半導体関連の研究所Fraunhofer Institute for Reliability and Microintegration IZM(Fraunhofer IZM)と、セキュリティ技術を開発する企業Giesecke+Devrient(G+D)は、SIMカードとeSIMに関するライフサイクルアセスメント(LCA)を実施した。
G+Dによると、LCAで分析した全ての項目において、eSIMはSIMカードよりも環境負荷の低減につながることが明らかになった。特に注目すべきは、CO2(二酸化炭素)排出量を抑制できる点だ。LCAは、SIMカードの代わりにeSIMを使うことで、CO2排出量を46%削減できることを示した。

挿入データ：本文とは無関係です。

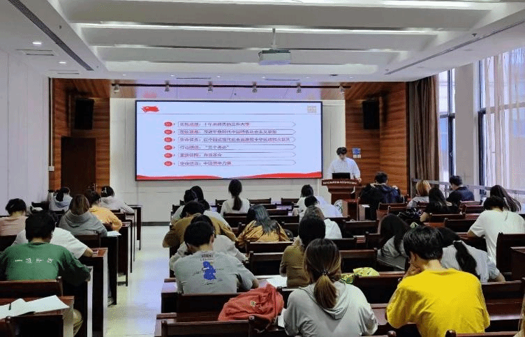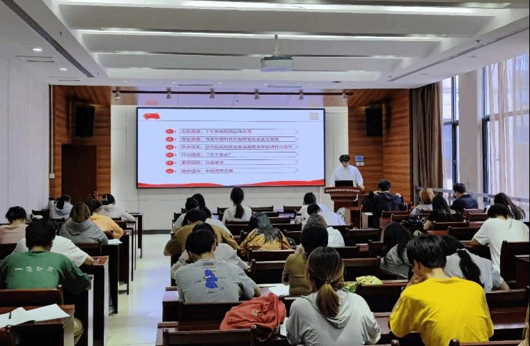 7月6日,澳门十大网投正规官网平台组织研究生、本科生于南楼204会议室开展了“周四理论学习日”学习。学校研究生“精读精讲”宣讲团成员、马克思主义学院孙宇环同学做“学习二十大,奋进新征程”汇报。
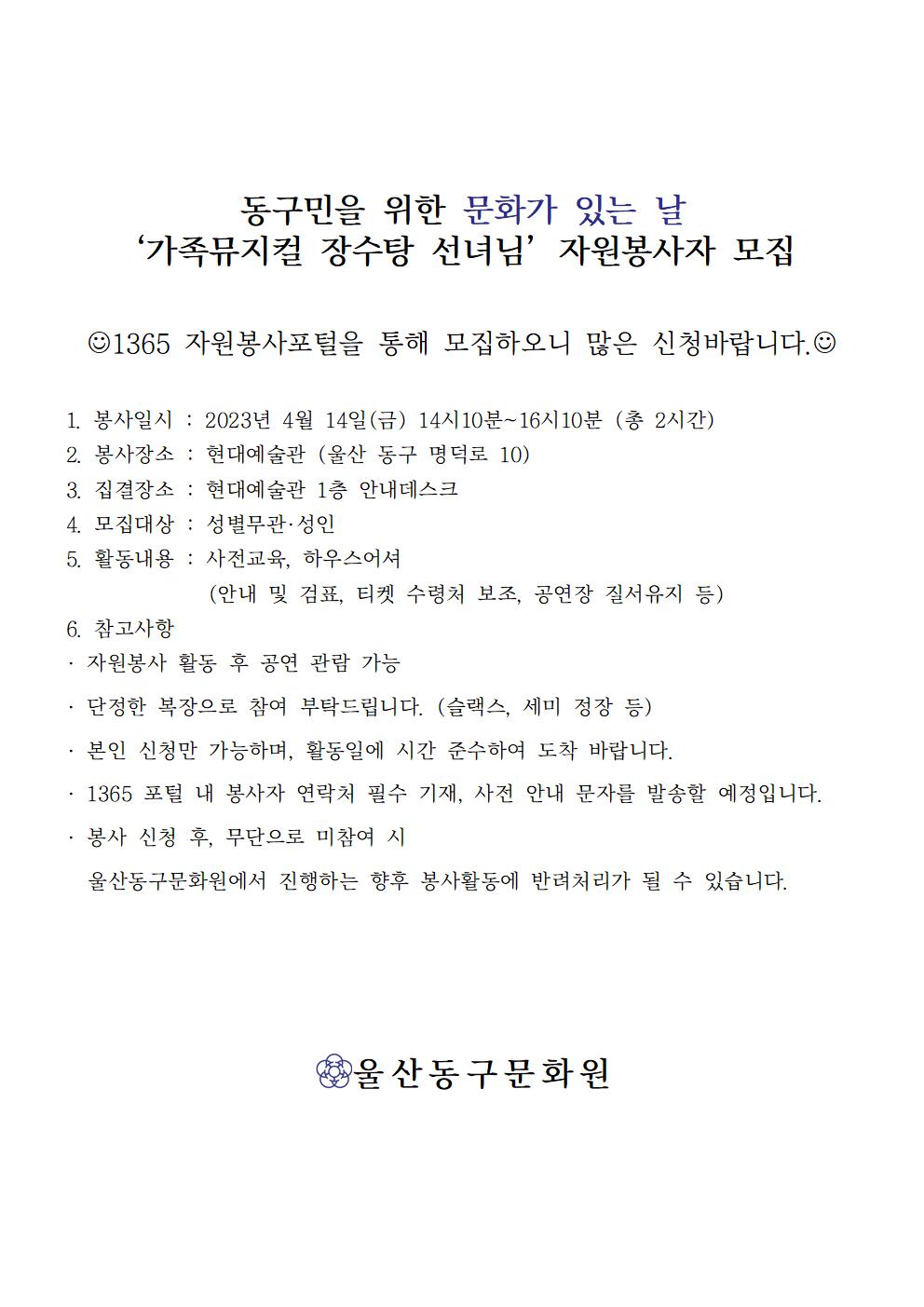 '가족뮤지컬 장수탕 선녀님' 자원봉사자 모집 안내
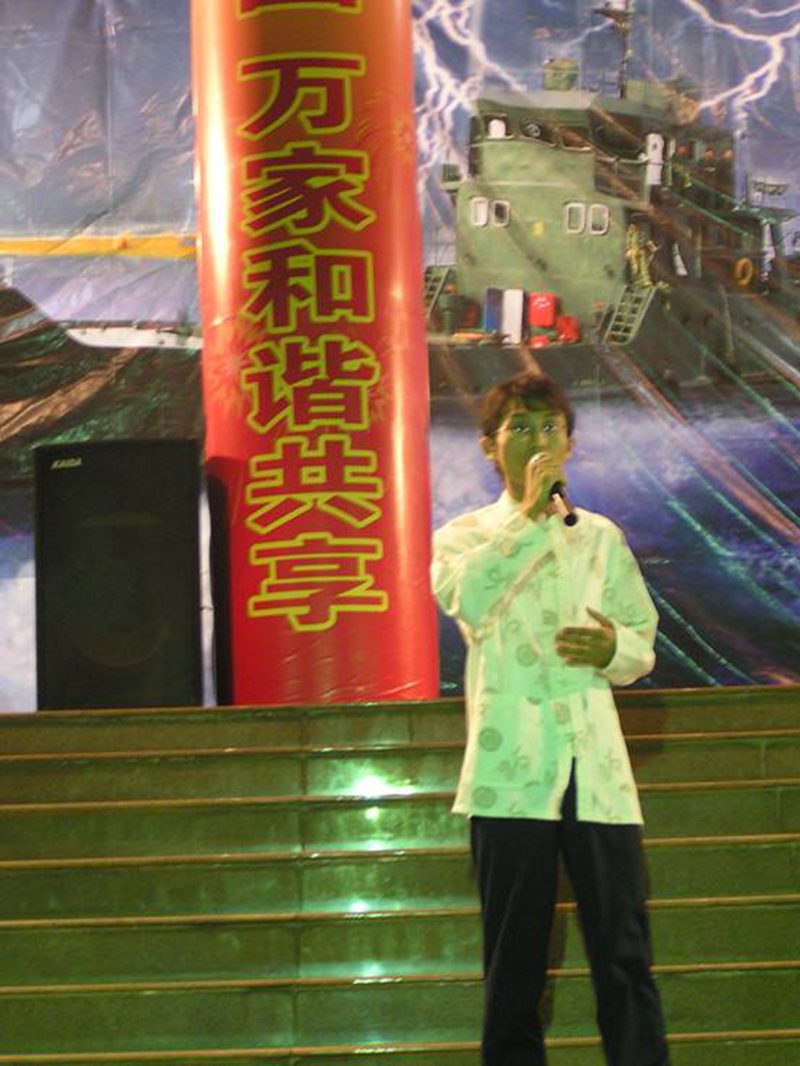 戏剧协会前会长赵德旭演唱一段现代版的京剧。他那清脆嘹亮的嗓音,抑扬顿挫的歌声让我们尽情陶醉在其中。海军武警大队的相声表演惹得台下观众笑得前仰后合。中国式的灰姑娘搞笑不断精彩连连。当然整个晚会的高潮部分是抽奖环节,我们帅气幽默的男主持使整个场面悬念不断,高潮迭起。
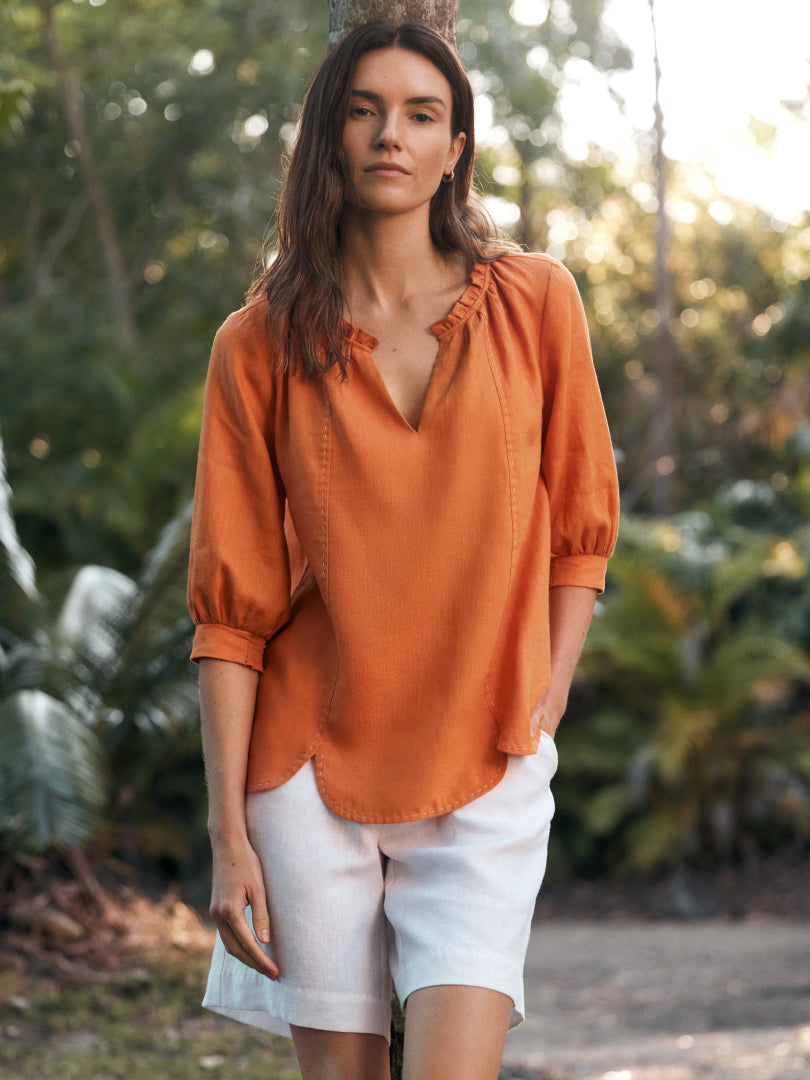 The Riviera Top in vibrant Ginger crafted from soft 100% linen has an effortless bohemian feel. Paired with the tailored Riviera short, this look speaks to elevated casual style
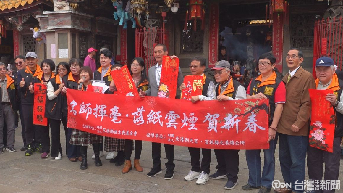 ▲笨港媽祖文教基金會連續17年,在過年前來到北港朝天宮廟前,邀請在地書畫名家現場揮毫,也讓來參拜的信眾感受過年氣氛。/記者 陳佳昇 攝。
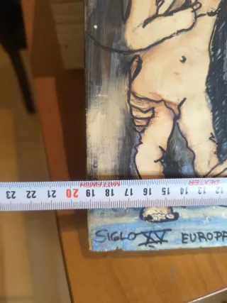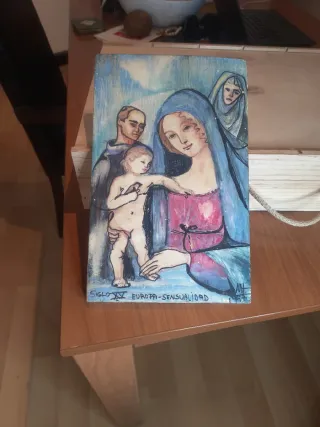 Imagen pintada en madera, firmada del año 1997 con el título Siglo 15 Europa-Sensualidad. Era parte de la colección de un familiar muy creyente. Parece que representa a una virgen con un niño, es espectacular, pero no es mi estilo y prefiero que la tenga alguien que la aprecie. La vendo por 30 euros no negociables. Saludos
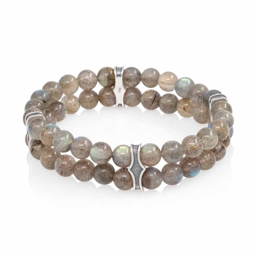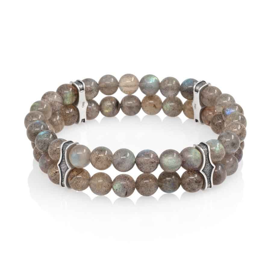 Двойной браслет с шармами из серебра 925 пробы и лабрадора 6 мм символизирует духовное развитие и эмоциональное равновесие.
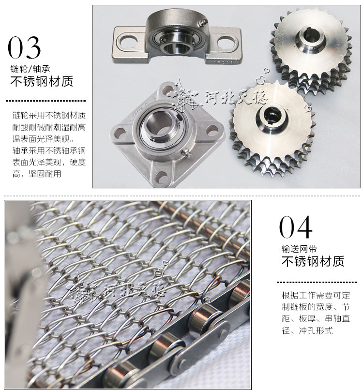 該輸送機(jī)用于物料的輸送。采用不銹鋼網(wǎng)帶作為載體,適用于各種食品行業(yè)的烘干、去濕、冷凍等、熱處理等;不銹鋼制成,具有耐高溫、便于清洗等特點(diǎn)。輸送機(jī)應(yīng)用行業(yè):食品、冶金、電力、煤炭、化工、建材、碼頭、糧食等。
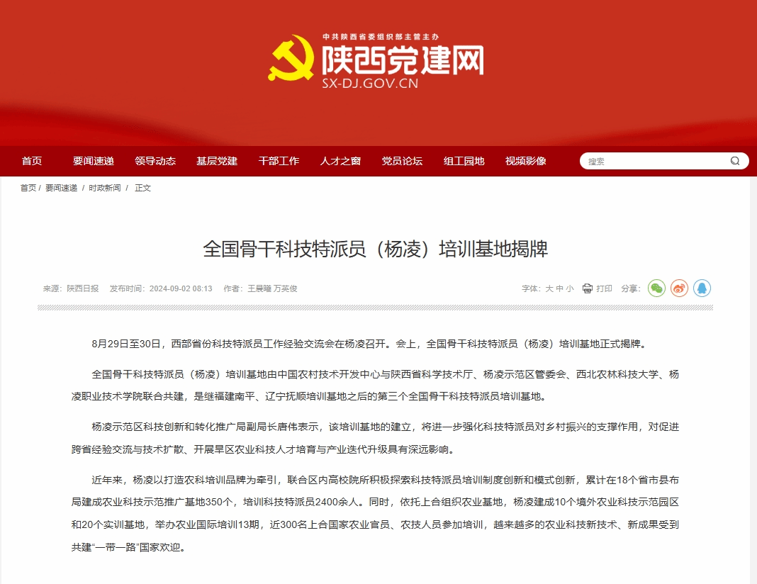 8月29日至30日,西部省份科技特派员工作经验交流会在杨凌召开。会上,全国骨干科技特派员(杨凌)培训基地正式揭牌。
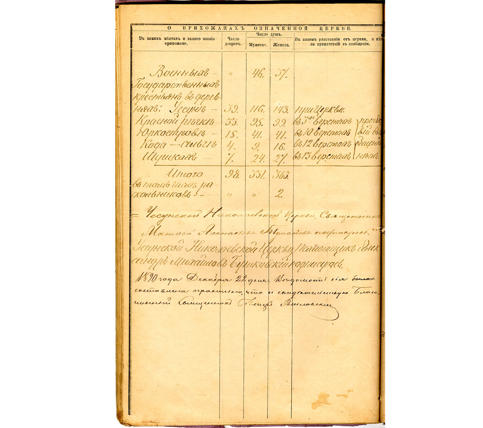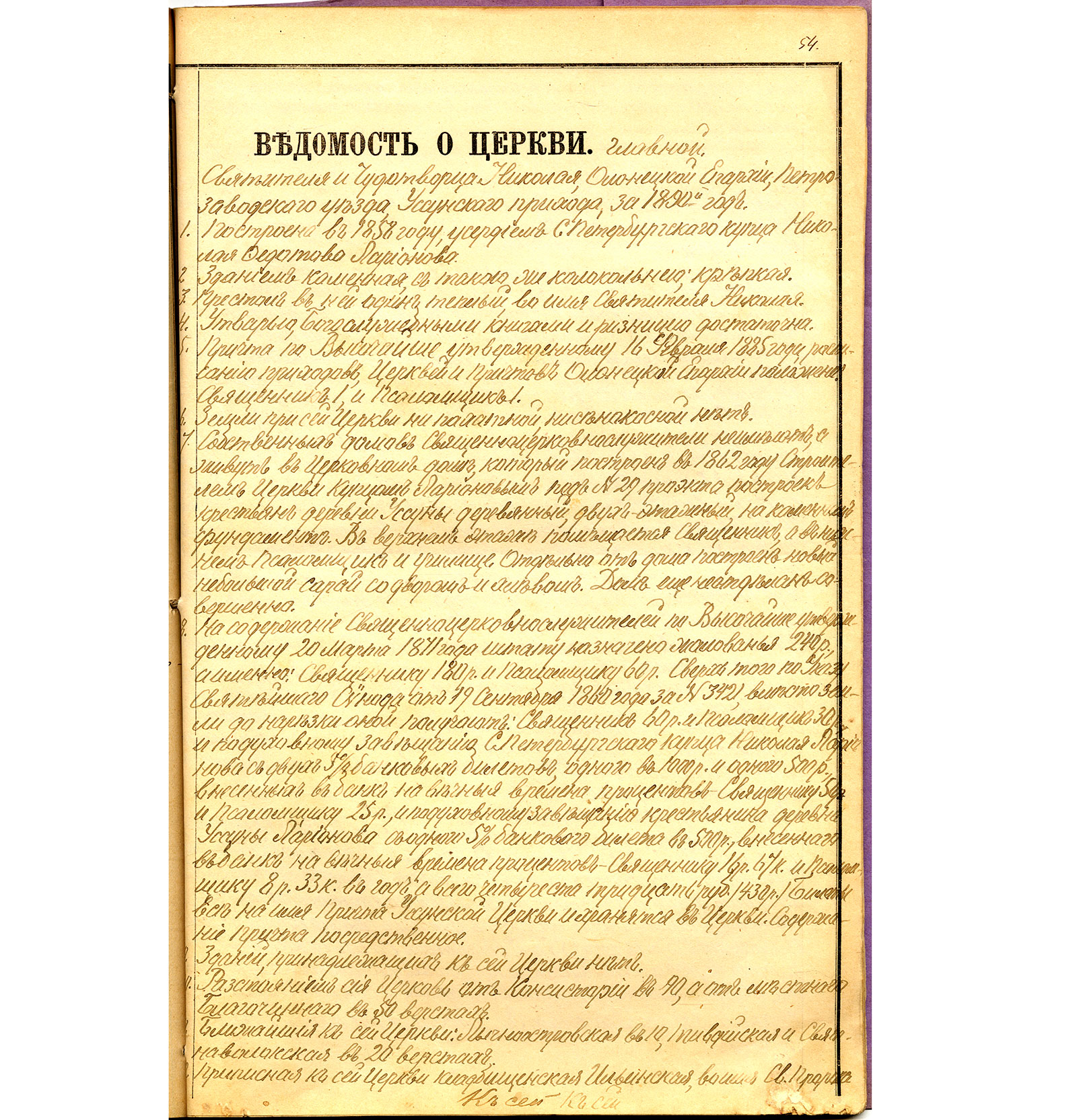 Стоит отметить, что в середине XIX века в Уссуне уже существовала деревянная Ильинская церковь, которая также была построена Ларионовыми, но современным и главным стал именно каменный Никольский храм. К этому храму были приписаны все окружные деревни и находившиеся в них часовни, о чём есть документ 1890 года — «Ведомость по Уссунскому приходу храма Святителя и Чудотворца Николая».
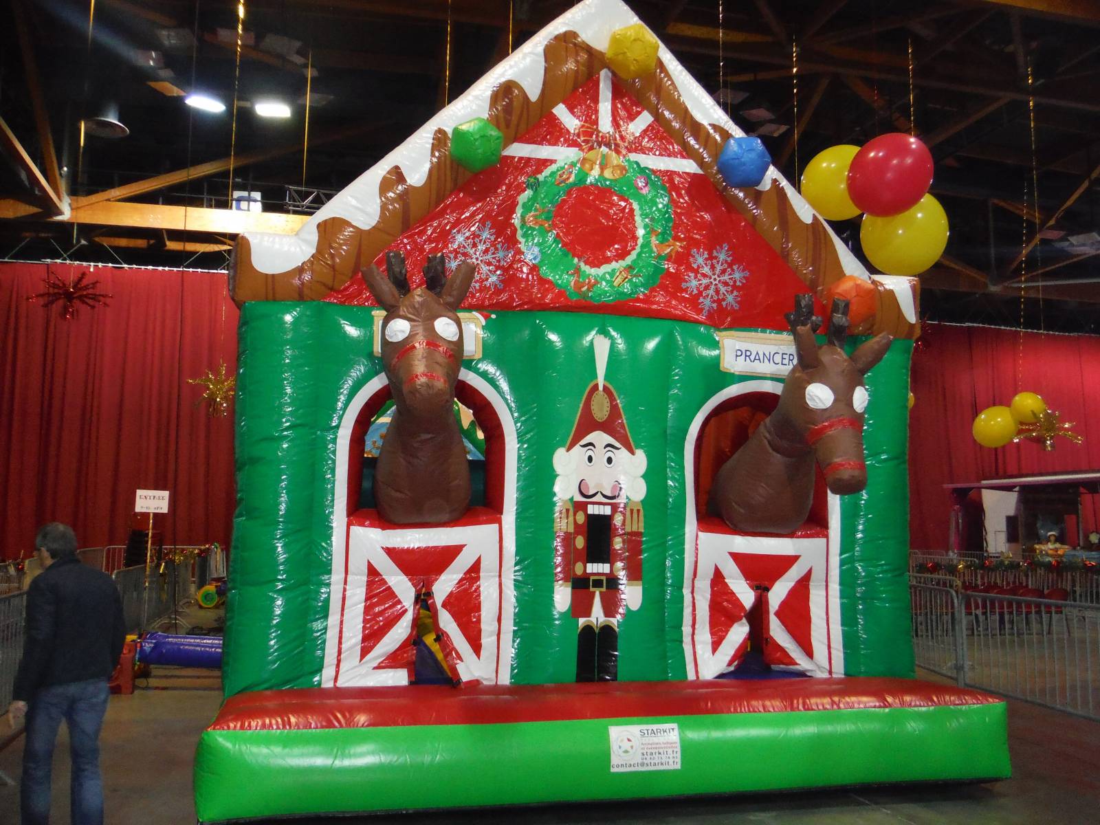 Avec ce château gonflable hors norme unique en France, vos enfants seront transportés dans le monde magique du père Noël ! à l'intérieur, ils pourront courir, sauter, s'amuser, escalader pour accéder au super toboggan, se faufiler dans les tunnels en regardant les supers décors de cette structure gonflable (casse noisette rennes bonhomme de neige et bien sûr le Père Noël). Bien évidemment le parcours de Noël peut être proposé seul ou être intégré a une kermesse que nous pouvons vous préparer sur mesure avec des animations annexes comme par exemple d'autres châteaux gonflables thématisés Noël que vous pouvez consulter sur notre site ou des atelier créatifs de Noël avec fabrication de décoration de Noël (boule de Noël pour sapin, santons de Noël etc…). Nous pouvons aussi vous proposer de monter un décor de Noël avec possibilité de faire venir le personnage préféré des enfants : LE PERE NOËL. Le parcours de Noël sera bien évidemment installé et désinstallé par nos soins et sera encadré par un animateur qui veillera au bon déroulement de l'animation durant votre arbre de Noël.. Pour consulter l'ensemble de nos prestations de Noël, nous vous invitons à consulter notre catalogue en ligne. Nous sommes à votre disposition. N'hésitez pas à nous joindre en remplissant le formulaire.
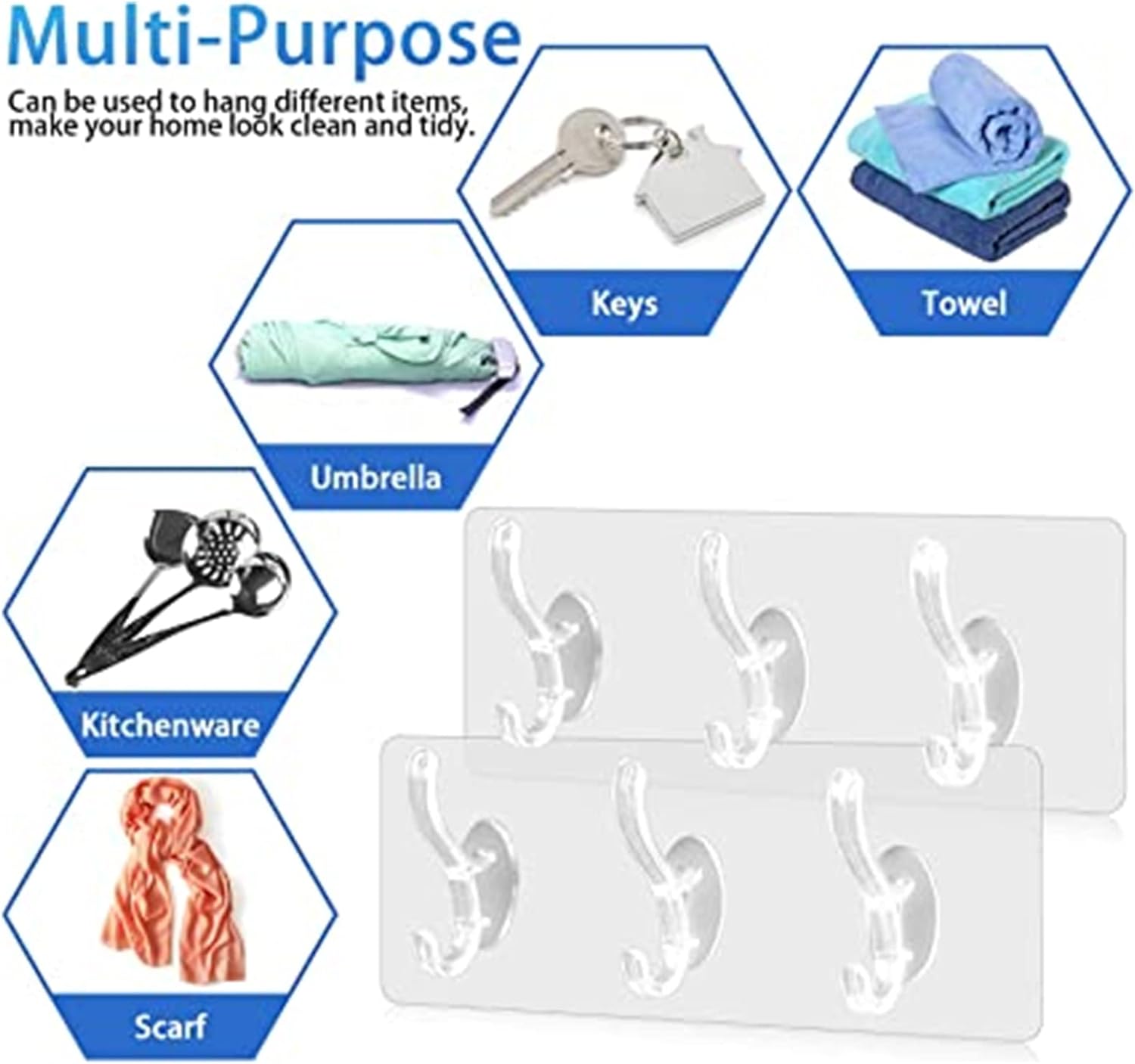 【Transparent Wall Hook】The self-adhesive row hooks differ from traditional wall hook types, reusable self-adhesive wall hooks are...

モバイル通信事業者やスマートフォンの利用者は、eSIMに関連する先端技術を利用することで、CO2排出量の大幅な削減に貢献できる可能性がある。「今後のモバイル通信におけるeSIMの重要性が明確になった」。G+D社のコネクティビティーおよびIoT(モノのインターネット)事業部長のヤン・ボック氏はそう評価する。
「ネットゼロ」(温室効果ガスの排出量と、除去量および吸収量が等しい状態)という目標達成を目指した取り組みが各分野で進んでいる。データセンターや製造施設が、利用するエネルギーを再生可能エネルギーに転換していることもその一例だ。
CO2排出量の削減や、CO2排出量を相殺することにつながる製品を顧客に提供することが、スマートフォンベンダーや通信事業者にとっては一段と重要になる。「今回の評価は、SIMカードのエコシステム(協業や協力の体制)を見直すに当たっての出発点だ」とボック氏は語る。
Fraunhofer IZMのリサーチアソシエイトであるデビッド・サンチェス氏は、「LCAの結果は、eSIMが環境に優しい通信手段であることを示した」と語る。サンチェス氏が特に注目するのは、eSIMはスマートフォンをエンドユーザーに提供するために必要となる機器や物流を減らし、CO2排出量を削減できる可能性を秘めていることだ。